#### [DIRECTIONS FOR THIS TASK]
Although the data below contains pictures, please reproduce only its words, exactly.

#### [INFORMATION SUPPLIED]
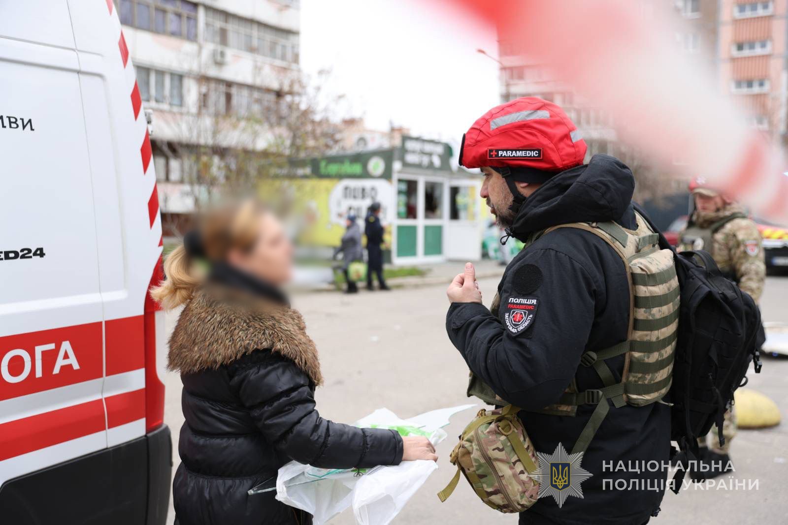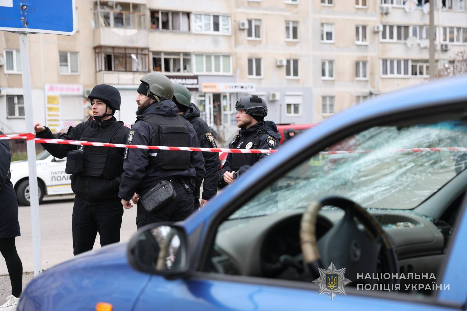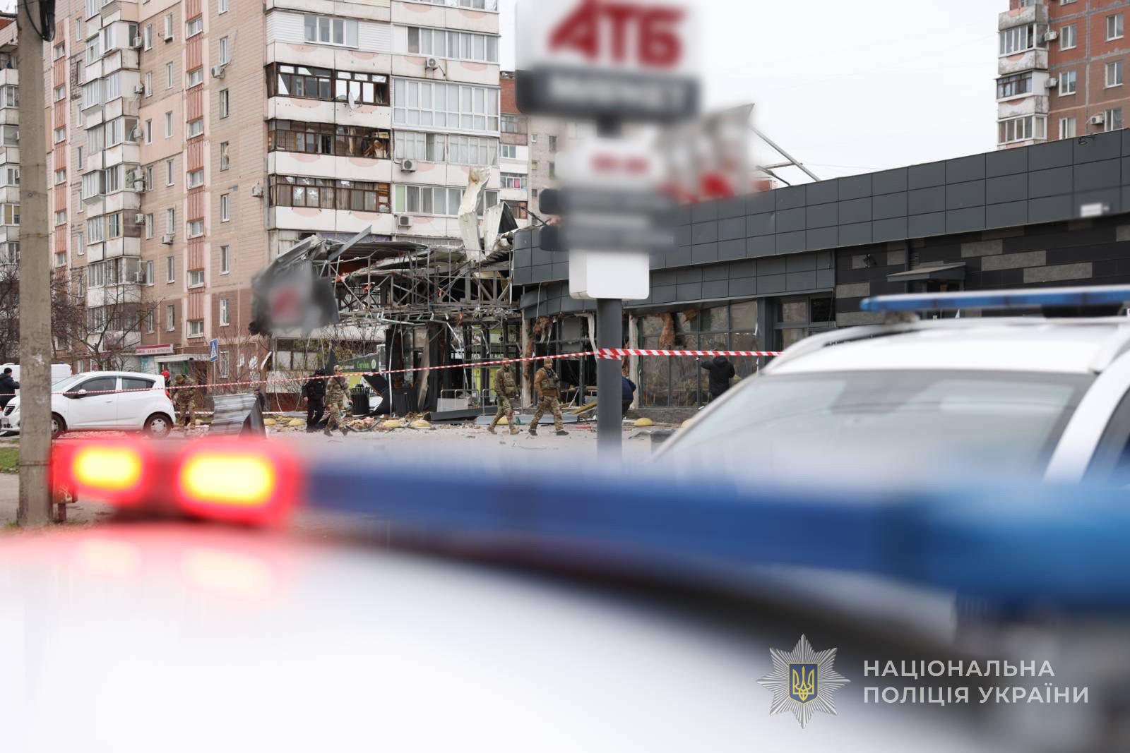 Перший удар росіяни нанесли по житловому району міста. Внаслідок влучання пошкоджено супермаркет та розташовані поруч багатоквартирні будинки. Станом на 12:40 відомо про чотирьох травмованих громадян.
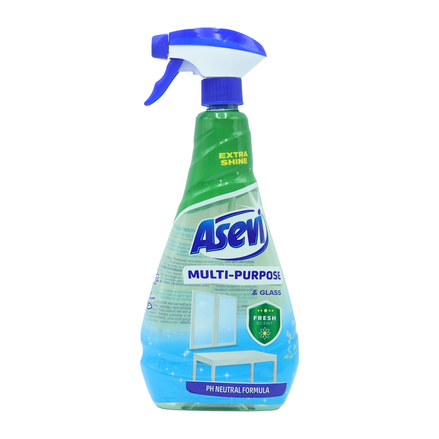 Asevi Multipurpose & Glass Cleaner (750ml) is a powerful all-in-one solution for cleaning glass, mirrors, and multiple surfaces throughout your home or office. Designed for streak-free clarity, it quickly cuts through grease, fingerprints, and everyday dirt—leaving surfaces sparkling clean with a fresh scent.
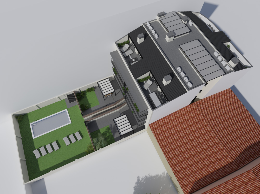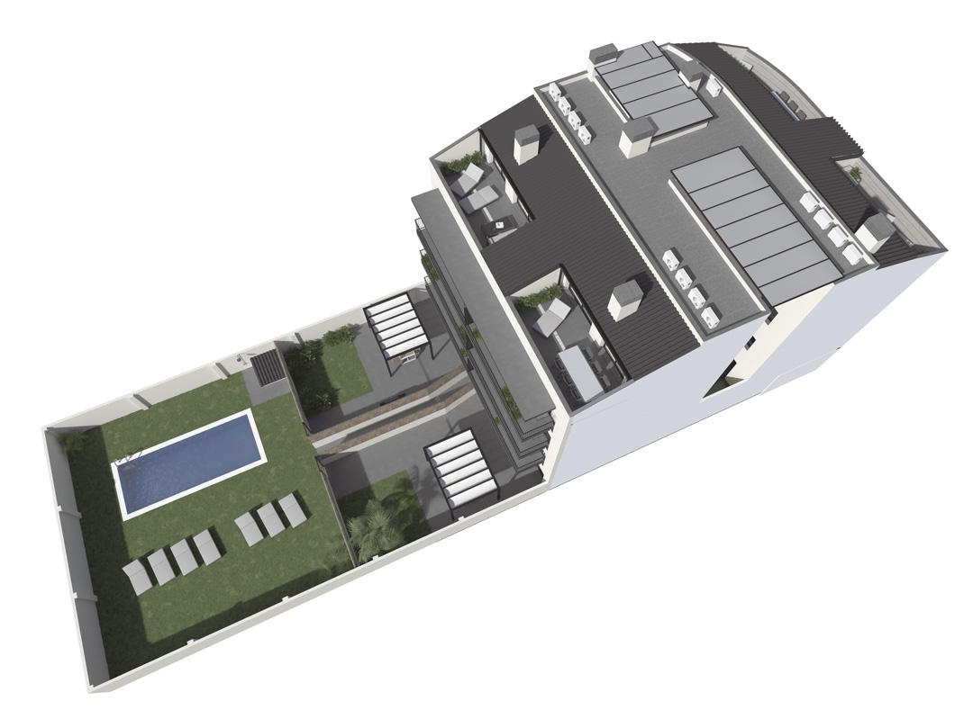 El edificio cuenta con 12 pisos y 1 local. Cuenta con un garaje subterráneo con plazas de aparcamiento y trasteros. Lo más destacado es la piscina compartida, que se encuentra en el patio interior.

#### [SOLUTION]
 Перший удар росіяни нанесли по житловому району міста. Внаслідок влучання пошкоджено супермаркет та розташовані поруч багатоквартирні будинки. Станом на 12:40 відомо про чотирьох травмованих громадян.
 Asevi Multipurpose & Glass Cleaner (750ml) is a powerful all-in-one solution for cleaning glass, mirrors, and multiple surfaces throughout your home or office. Designed for streak-free clarity, it quickly cuts through grease, fingerprints, and everyday dirt—leaving surfaces sparkling clean with a fresh scent.
 El edificio cuenta con 12 pisos y 1 local. Cuenta con un garaje subterráneo con plazas de aparcamiento y trasteros. Lo más destacado es la piscina compartida, que se encuentra en el patio interior.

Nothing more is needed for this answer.